Segment Start: Dataset extract

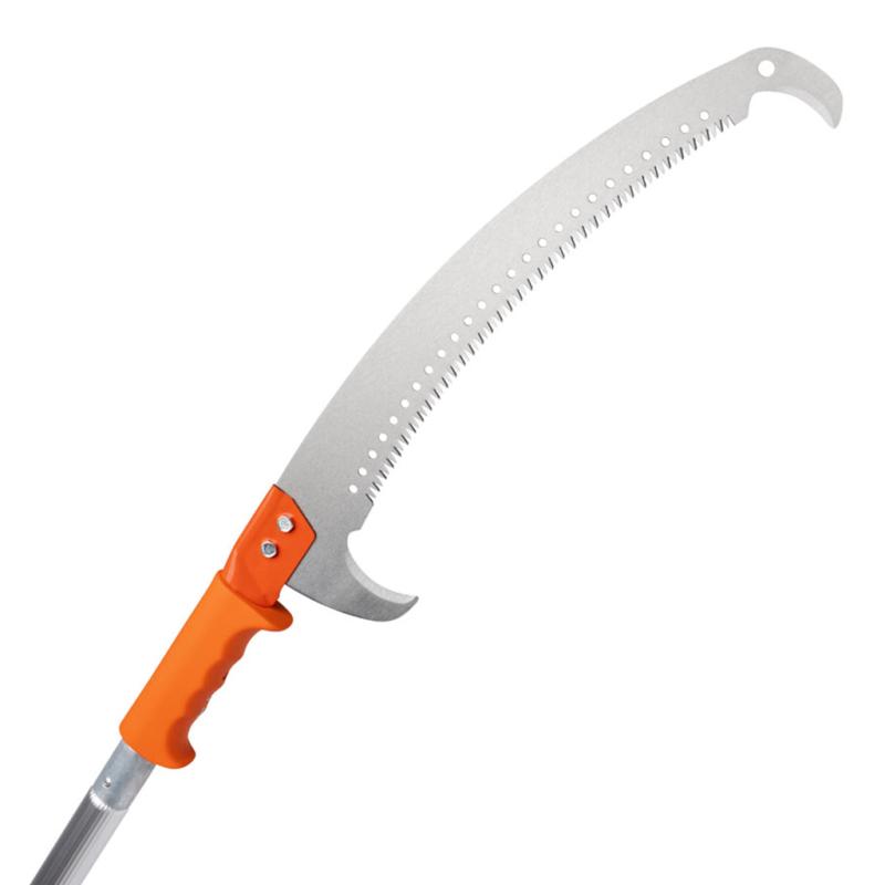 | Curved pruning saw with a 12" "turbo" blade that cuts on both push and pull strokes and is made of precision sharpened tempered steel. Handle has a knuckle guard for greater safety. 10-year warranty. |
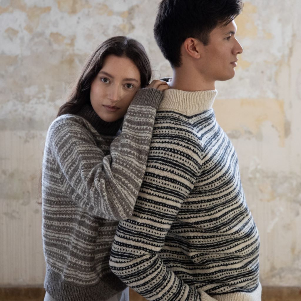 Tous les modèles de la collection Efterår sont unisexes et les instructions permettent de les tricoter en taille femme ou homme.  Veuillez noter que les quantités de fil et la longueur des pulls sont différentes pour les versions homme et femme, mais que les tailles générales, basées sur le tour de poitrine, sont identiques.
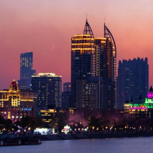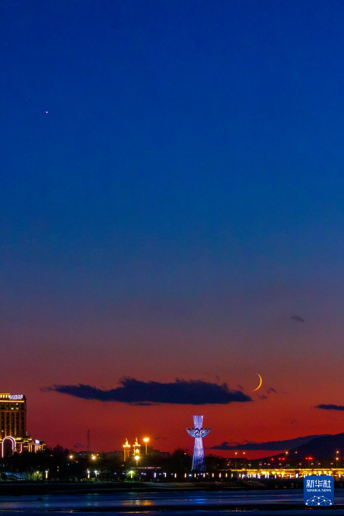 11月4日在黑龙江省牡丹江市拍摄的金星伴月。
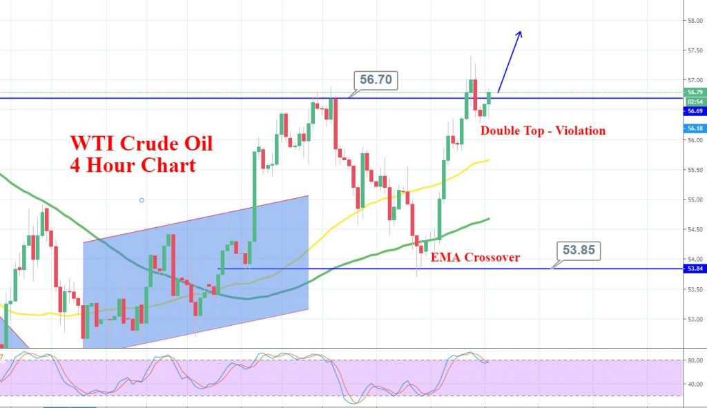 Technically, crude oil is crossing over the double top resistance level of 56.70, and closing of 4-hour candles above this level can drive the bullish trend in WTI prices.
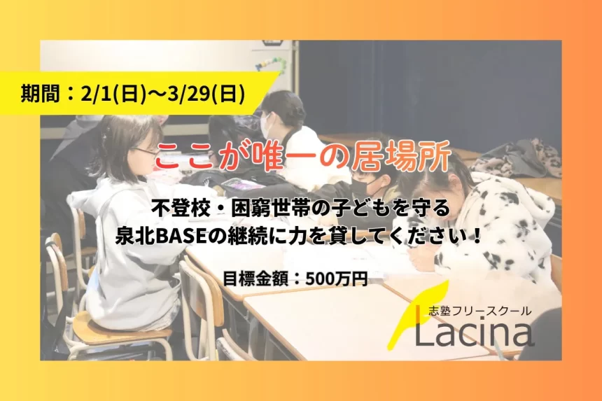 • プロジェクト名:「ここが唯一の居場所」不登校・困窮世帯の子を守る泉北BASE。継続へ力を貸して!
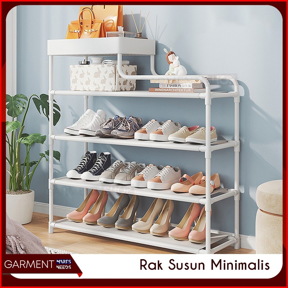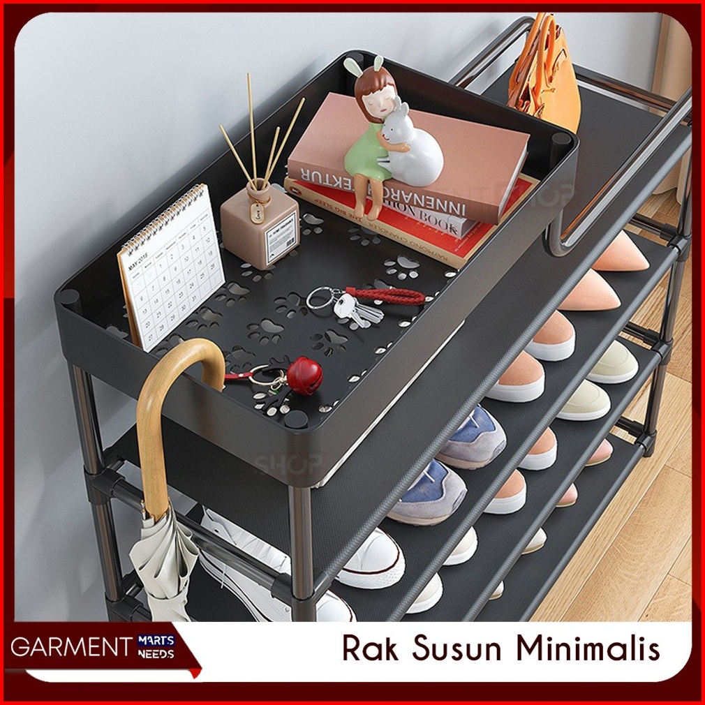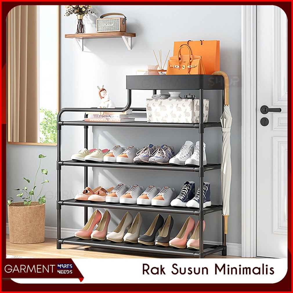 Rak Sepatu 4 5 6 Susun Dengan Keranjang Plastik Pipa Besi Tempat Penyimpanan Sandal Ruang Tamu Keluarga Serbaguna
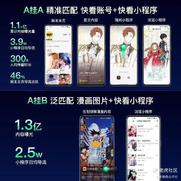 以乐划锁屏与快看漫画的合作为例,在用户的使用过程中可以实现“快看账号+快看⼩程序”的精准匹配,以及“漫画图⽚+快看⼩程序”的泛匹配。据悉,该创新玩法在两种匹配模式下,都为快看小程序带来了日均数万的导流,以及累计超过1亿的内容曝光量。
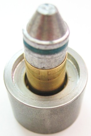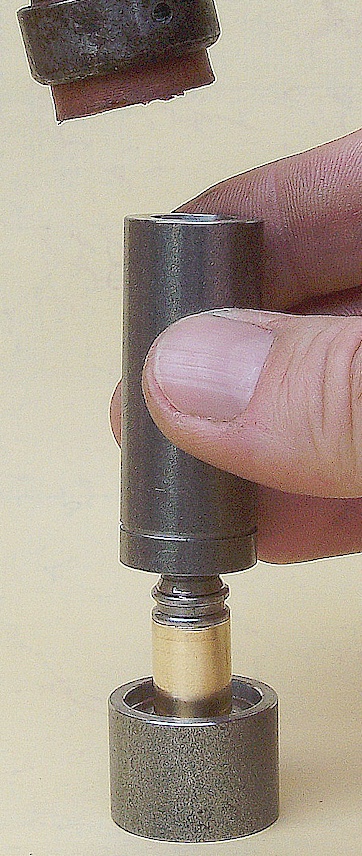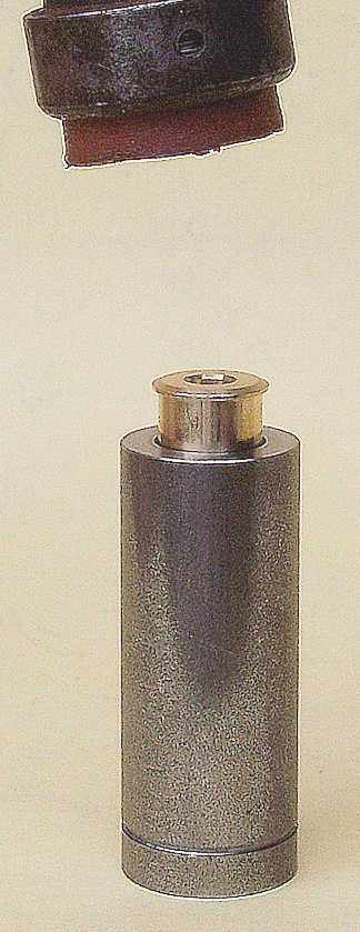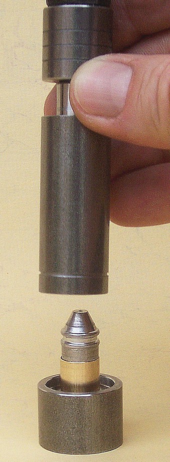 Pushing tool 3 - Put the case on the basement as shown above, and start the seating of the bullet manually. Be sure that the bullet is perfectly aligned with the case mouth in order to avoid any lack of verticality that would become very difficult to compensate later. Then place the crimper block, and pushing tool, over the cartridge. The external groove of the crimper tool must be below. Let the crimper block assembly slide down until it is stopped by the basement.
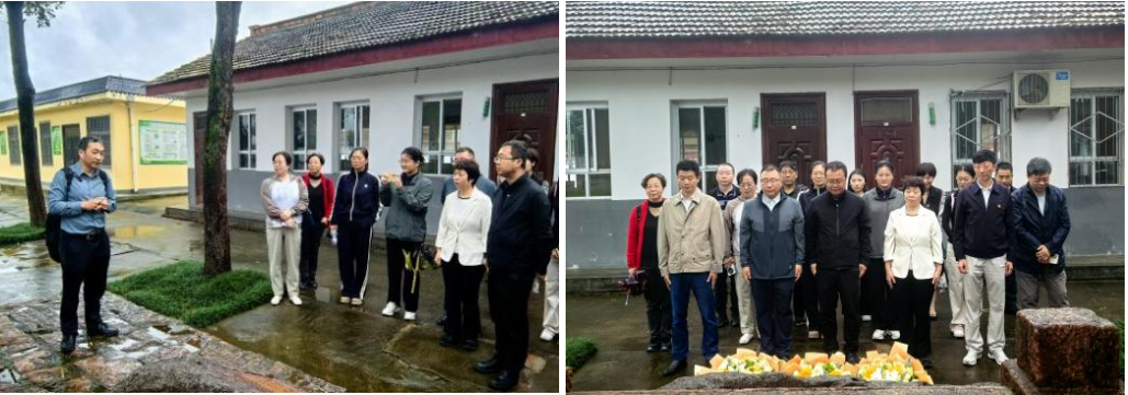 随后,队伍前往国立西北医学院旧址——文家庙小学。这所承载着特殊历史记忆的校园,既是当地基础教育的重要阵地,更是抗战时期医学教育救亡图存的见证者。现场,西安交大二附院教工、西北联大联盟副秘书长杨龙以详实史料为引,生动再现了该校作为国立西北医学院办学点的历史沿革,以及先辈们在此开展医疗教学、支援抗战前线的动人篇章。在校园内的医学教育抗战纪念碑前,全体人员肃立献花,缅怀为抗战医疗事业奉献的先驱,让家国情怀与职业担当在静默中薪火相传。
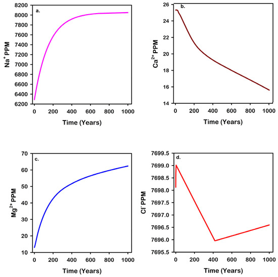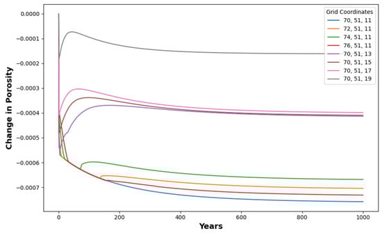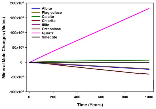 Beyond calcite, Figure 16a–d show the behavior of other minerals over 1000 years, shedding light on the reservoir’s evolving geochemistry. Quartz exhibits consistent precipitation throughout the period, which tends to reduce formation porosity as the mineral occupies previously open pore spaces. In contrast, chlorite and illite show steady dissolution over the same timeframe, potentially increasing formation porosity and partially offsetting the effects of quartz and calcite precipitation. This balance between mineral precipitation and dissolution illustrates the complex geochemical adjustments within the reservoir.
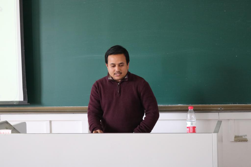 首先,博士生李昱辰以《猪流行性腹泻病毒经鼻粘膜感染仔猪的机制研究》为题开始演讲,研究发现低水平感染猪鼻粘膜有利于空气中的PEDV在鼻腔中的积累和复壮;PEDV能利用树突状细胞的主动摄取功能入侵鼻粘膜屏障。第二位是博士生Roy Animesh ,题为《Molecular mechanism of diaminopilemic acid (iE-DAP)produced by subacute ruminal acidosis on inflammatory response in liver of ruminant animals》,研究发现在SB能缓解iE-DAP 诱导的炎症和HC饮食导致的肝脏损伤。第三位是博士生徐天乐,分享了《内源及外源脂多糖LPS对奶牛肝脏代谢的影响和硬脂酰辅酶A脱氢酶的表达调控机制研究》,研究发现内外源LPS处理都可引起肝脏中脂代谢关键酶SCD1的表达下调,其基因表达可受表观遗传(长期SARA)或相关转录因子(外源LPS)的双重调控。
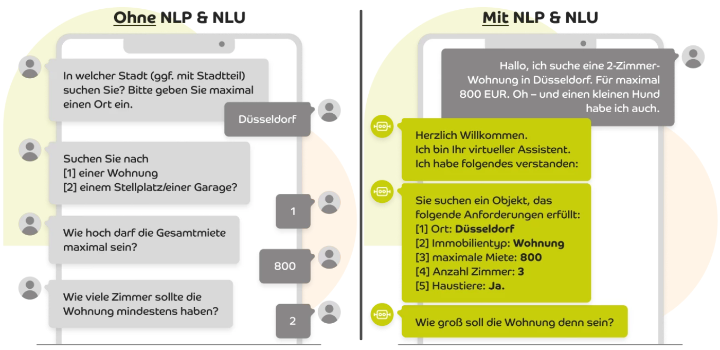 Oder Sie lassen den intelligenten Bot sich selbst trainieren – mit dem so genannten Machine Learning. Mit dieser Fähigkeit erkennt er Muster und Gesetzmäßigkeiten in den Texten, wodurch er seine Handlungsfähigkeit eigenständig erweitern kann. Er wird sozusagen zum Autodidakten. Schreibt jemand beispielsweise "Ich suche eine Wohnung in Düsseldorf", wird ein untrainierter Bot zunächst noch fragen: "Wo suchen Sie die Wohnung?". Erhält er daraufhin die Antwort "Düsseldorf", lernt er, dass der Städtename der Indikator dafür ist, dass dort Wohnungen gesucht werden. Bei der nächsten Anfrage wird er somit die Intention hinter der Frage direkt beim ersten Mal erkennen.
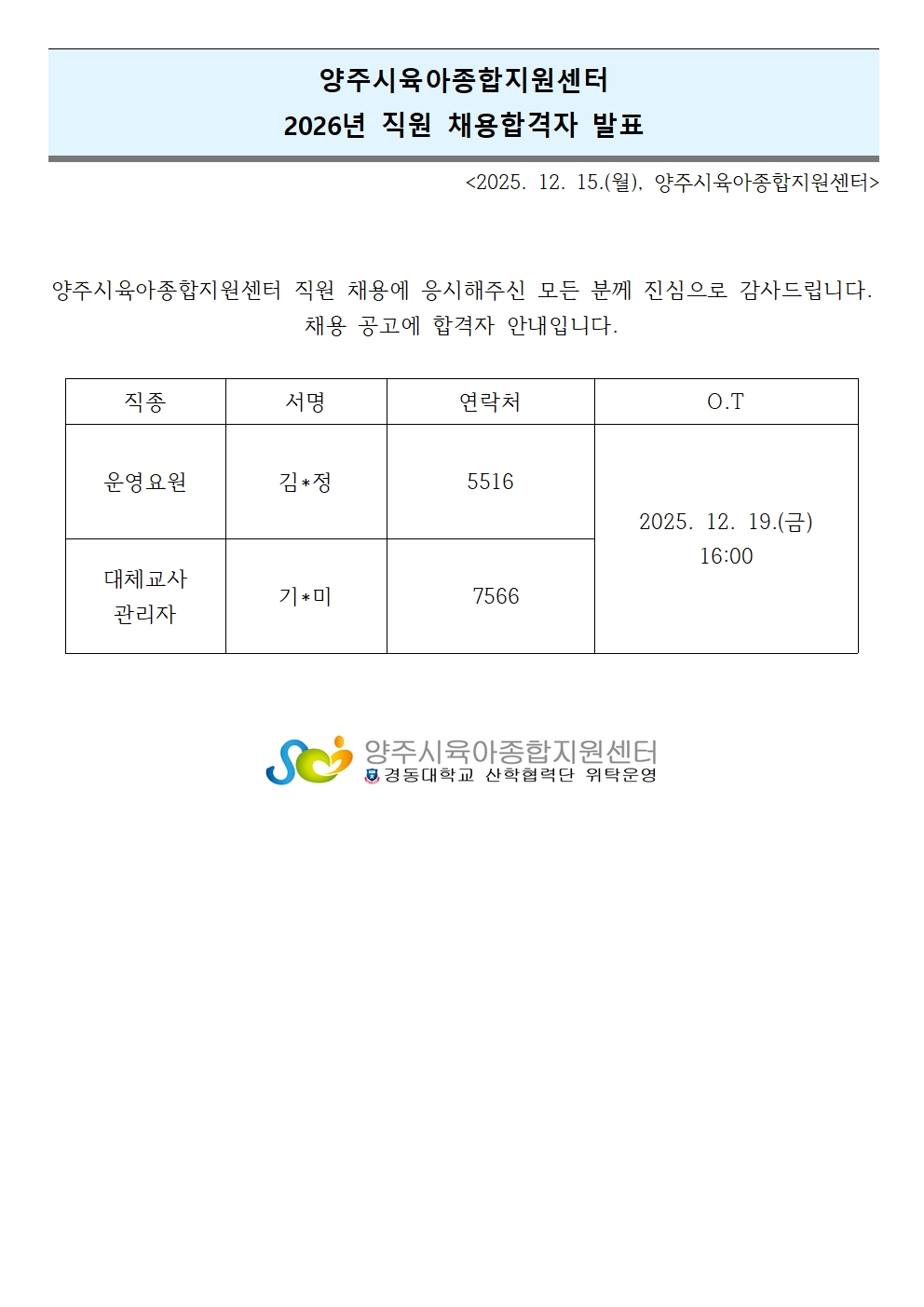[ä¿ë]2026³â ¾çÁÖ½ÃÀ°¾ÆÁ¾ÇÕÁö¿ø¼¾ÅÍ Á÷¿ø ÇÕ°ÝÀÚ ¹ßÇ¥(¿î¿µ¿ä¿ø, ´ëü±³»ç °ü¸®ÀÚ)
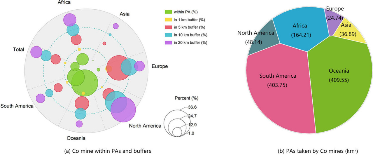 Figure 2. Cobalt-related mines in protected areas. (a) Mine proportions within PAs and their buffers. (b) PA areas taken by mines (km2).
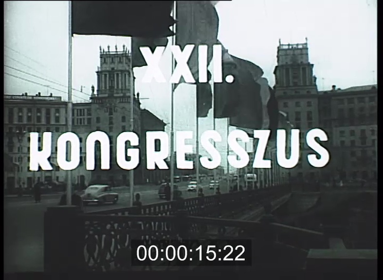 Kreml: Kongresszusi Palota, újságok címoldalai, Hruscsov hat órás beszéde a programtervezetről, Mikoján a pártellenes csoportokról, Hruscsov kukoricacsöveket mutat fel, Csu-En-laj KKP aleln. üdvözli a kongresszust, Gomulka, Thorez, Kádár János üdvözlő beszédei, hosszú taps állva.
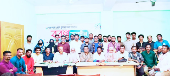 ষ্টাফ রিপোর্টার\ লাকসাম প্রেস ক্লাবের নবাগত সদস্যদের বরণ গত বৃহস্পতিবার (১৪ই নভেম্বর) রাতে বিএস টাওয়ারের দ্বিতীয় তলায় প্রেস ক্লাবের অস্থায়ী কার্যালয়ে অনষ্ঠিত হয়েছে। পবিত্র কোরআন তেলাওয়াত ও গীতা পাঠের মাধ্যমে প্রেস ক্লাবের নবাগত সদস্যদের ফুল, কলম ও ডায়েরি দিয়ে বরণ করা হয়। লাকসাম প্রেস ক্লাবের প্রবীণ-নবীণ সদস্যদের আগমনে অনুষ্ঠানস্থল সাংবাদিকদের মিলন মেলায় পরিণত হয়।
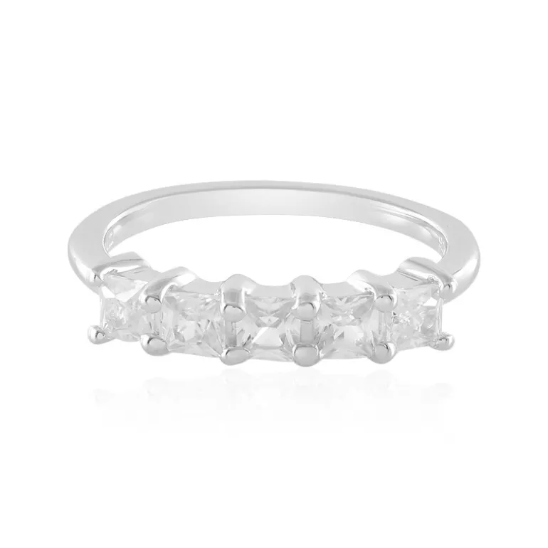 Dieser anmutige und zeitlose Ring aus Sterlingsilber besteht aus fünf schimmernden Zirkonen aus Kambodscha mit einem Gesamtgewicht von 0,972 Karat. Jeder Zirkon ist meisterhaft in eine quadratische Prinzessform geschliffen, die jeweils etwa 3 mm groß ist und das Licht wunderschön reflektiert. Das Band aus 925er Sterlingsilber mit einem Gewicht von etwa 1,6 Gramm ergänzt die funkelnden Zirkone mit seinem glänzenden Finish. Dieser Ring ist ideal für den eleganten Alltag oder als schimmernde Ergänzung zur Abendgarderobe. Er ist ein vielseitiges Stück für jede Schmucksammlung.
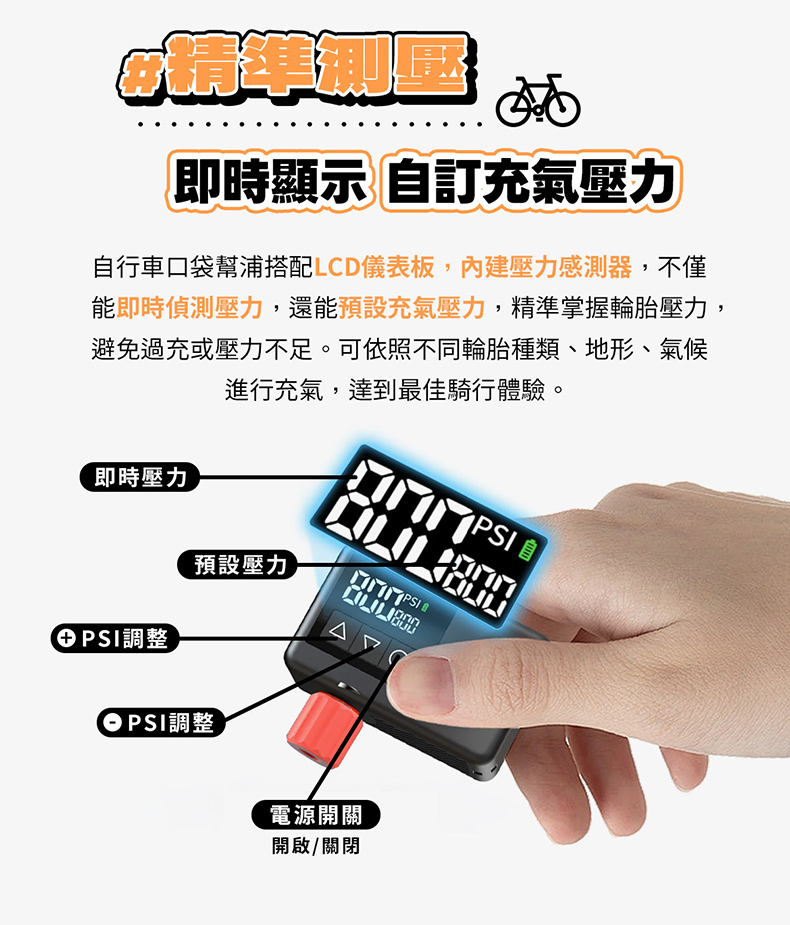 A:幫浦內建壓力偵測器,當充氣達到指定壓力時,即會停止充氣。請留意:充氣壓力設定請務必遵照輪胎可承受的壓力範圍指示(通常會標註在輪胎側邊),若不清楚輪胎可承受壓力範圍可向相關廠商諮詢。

Segment End: Dataset extract

§ Task objective: Pictures stay out. Transcribe the lines from the start of the entries above through the line with "Tous les modèles", exactly.

§ Problem solution:
 | Curved pruning saw with a 12" "turbo" blade that cuts on both push and pull strokes and is made of precision sharpened tempered steel. Handle has a knuckle guard for greater safety. 10-year warranty. |
 Tous les modèles de la collection Efterår sont unisexes et les instructions permettent de les tricoter en taille femme ou homme.  Veuillez noter que les quantités de fil et la longueur des pulls sont différentes pour les versions homme et femme, mais que les tailles générales, basées sur le tour de poitrine, sont identiques.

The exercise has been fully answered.